W ramach każdej z kategorii znajdują się dodatkowo serie produktów. Olight wypuścił na rynek do tej pory dwie serie latarek czołowych, nazwane H05 oraz Perun – najnowszym produktem tej ostatniej jest właśnie Perun 2 Mini. Warto w tym miejscu zaznaczyć zasadnicze różnice między wspomnianym modelem a jego pierwowzorem, Perunem Mini, a także większym bratem, Perunem 2.
Jak można się domyślić, w obu przypadkach jest to głównie siła światła. Dioda w wersji pierwszej Mini była o 100 lumenów słabsza, a deklarowany przez niektórych sprzedawców zasięg skuteczny wynosił 100 m przy 150 podawanych dla Mini 2. Latarka także nieco różniła się wyglądem od najnowszej wersji, a mocowanie klipsa nie umożliwiało jego obrotu o 360 stopni. Inna była również opaska umożliwiająca używanie latarki jako czołówki. W pierwszej wersji nie wprowadzono także możliwości świecenia czerwonym światłem i zastosowano akumulator o mniejszej pojemności.

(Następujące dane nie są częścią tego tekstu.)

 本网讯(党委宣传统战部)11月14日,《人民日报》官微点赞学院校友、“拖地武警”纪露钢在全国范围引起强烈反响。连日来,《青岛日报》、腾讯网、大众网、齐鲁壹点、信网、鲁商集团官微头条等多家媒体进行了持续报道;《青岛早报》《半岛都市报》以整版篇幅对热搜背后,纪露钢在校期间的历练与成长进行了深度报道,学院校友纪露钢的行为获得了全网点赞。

O ile różnice pomiędzy wyżej opisanymi wersjami jednego modelu są nieznaczne, o tyle Perun Mini 2 znacznie odstaje możliwościami od swojego pełnowymiarowego brata. Maksymalna (chwilowa) jasność Peruna 2 jest ponad dwukrotnie większa niż mniejszego odpowiednika. Także jasność, z która latarka może pracować przez cały czas, znacznie się różni, wynosząc 800/250 lm na korzyść większego modelu. Perun 2 ma także czujnik zbliżeniowy regulujący moc oraz system ostrzeżeń wibracjami przez rozładowaniem. Próżno szukać tych funkcji w Mini 2. Różnica jest zatem w tym przypadku dostrzegalna.
Parametry
Wiemy już, czym Mini 2 różni się od podobnych modeli producenta, ale jakimi konkretnie parametrami może się pochwalić?

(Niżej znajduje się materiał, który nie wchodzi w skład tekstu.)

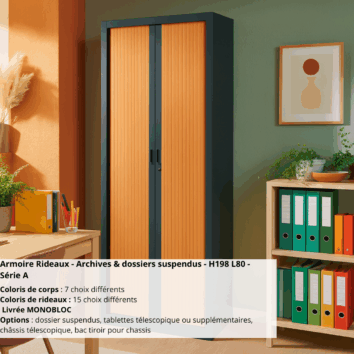 Notre catalogue propose une sélection d’armoires dédiées à l’armoire de bureau à rideaux. Avec un choix important en termes de taille et de profondeur, vous pouvez profiter d’un espace de rangement qui répond parfaitement à vos attentes. Chaque armoire metallique proposée sur notre site répond à plusieurs normes et certifications propres au mobilier de bureau professionnel et atteste de leur qualité pouvant résister à 40 000 cycles d’ouverture et fermeture.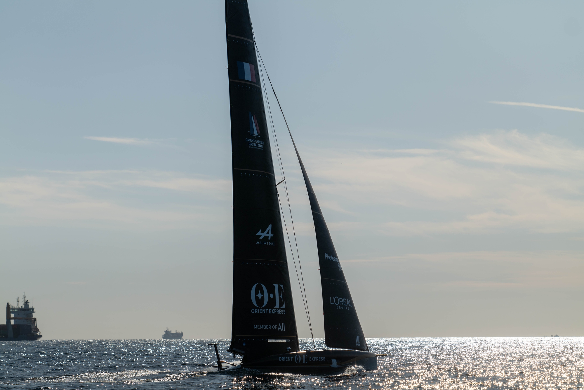 On-Water Recon Report – Orient Express Racing Team: The French Team craned their AC40 to the water at 11:08, that had been left with the mast up and out of the shed overnight. The team docked out at 13.05, as expected. A one-design J1 and the LEQ12-MN-A mainsail were hoisted while heading out of the harbour at 13:08 and 13:15, respectively. A marginal southerly breeze of 4 to 7 knots of intensity prevailed during today’s session, combined with flat water conditions.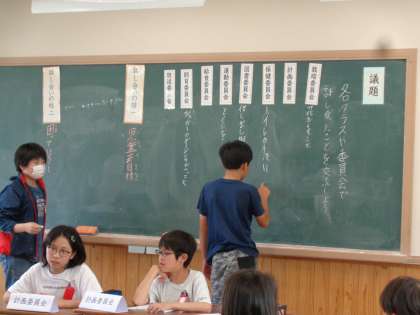 児童会の取組で各委員会の委員長や学級代表が集まって話し合う「ゴールドミーティング」が開かれました。各委員会での取組や、各学級から出ている困っていること、児童会目標などが話し合われました。学校をよくするための会議って素敵ですね。

Latarkę wykonano z aluminium lotniczego i pokryto twardą anodyzacją typu III. Korpus jest uszczelniony, dzięki czemu zapewniono wodoodporność na poziomie IPX-8 (odporność na zanurzenie na głębokość do 2 m przez 30 minut). Długość latarki to tylko 64 mm, a średnica 21 mm (głowica jest o milimetr szersza). Urządzenie waży z akumulatorem 54 g. Dostępne jest w kolorach: czarnym, pomarańczowym, zielonym i niebieskim.
Źródłem światła jest dioda Cool White LED/Red LED. Są też modele wyposażone w diodę Neutral White LED/Red LED. Ukryto ją za optyką PMMA TIR, co oznacza, że użyta soczewka jest w kształcie stożka, o konstrukcji opierającej się na całkowitym wewnętrznym odbiciu, i ma zapewniać okrągły rozsył światła. Wykonana została ze szkła organicznego. Całość układu świetlnego chroniona jest natomiast przez szybkę wykonaną z odpornego na uszkodzenia mechaniczne i szok termiczny szkła borowo-krzemowego. Konstrukcja zapewnia dwa rodzaje światła: białe o mocy 1100 lumenów i zasięgu do 150 metrów oraz czerwone w trybie ciągłym lub SOS.
Latarka Perun 2 Mini zasilana jest dołączonym do zestawu akumulatorem litowym 16340 (produkcji Olight) o pojemności 650 mAh. Ładuje się go magnetyczną ładowarką Olight MCC 1A USB.
Perun Mini 2 może świecić z różnymi mocami i w zależności od ustawienia deklarowane czasy funkcjonowania przy pełnym naładowaniu wynoszą:
- 1100-250 lumenów: 2 min + 85 min,
- 250 lumenów: 100 min,
- 60 lumenów: 7 h,
- 15 lumenów: 26 h,
- 2 lumeny: 10 dni,
- światło czerwone: 40 lumenów / 150 min,
Możliwe jest także ustawienie światła czerwonego nadającego sygnał SOS.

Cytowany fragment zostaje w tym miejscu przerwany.